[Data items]

------------------------

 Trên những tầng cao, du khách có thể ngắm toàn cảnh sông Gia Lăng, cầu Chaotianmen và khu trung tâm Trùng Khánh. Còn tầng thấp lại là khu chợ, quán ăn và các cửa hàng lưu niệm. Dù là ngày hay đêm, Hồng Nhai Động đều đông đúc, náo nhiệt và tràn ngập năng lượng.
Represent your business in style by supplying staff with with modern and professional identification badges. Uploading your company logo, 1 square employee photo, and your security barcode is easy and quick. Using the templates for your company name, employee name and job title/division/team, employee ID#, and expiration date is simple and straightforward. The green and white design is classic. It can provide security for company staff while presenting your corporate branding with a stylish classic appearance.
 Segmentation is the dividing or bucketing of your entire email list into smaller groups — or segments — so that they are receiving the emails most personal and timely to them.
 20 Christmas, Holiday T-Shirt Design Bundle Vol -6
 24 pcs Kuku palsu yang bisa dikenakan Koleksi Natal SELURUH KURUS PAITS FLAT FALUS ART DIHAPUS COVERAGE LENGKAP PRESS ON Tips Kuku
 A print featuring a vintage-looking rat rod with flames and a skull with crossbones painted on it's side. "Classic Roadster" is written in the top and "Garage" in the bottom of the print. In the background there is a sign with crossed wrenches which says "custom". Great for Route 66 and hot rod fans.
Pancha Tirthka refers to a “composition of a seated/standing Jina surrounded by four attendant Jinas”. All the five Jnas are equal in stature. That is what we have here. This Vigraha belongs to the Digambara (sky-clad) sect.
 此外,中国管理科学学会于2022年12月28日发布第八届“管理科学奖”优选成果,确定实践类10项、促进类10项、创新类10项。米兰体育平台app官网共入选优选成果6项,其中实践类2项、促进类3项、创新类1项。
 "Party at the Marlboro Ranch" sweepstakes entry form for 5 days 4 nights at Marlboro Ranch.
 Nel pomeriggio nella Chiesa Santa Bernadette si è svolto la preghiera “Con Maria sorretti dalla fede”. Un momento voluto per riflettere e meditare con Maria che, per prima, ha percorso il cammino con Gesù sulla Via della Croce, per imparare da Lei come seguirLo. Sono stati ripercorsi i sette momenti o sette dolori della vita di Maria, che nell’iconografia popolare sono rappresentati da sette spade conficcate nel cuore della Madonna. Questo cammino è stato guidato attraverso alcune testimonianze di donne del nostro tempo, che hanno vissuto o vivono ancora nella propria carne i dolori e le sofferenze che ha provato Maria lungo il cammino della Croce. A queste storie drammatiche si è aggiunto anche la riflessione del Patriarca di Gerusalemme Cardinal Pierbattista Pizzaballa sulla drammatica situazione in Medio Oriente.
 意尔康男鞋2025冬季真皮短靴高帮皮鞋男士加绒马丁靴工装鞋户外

------------------------

Description of the task – From the data above, reproduce word for word the lines running from the line with "24 pcs Kuku" to the line with "A print featuring", ends included.

Exercise response –
 24 pcs Kuku palsu yang bisa dikenakan Koleksi Natal SELURUH KURUS PAITS FLAT FALUS ART DIHAPUS COVERAGE LENGKAP PRESS ON Tips Kuku
 A print featuring a vintage-looking rat rod with flames and a skull with crossbones painted on it's side. "Classic Roadster" is written in the top and "Garage" in the bottom of the print. In the background there is a sign with crossed wrenches which says "custom". Great for Route 66 and hot rod fans.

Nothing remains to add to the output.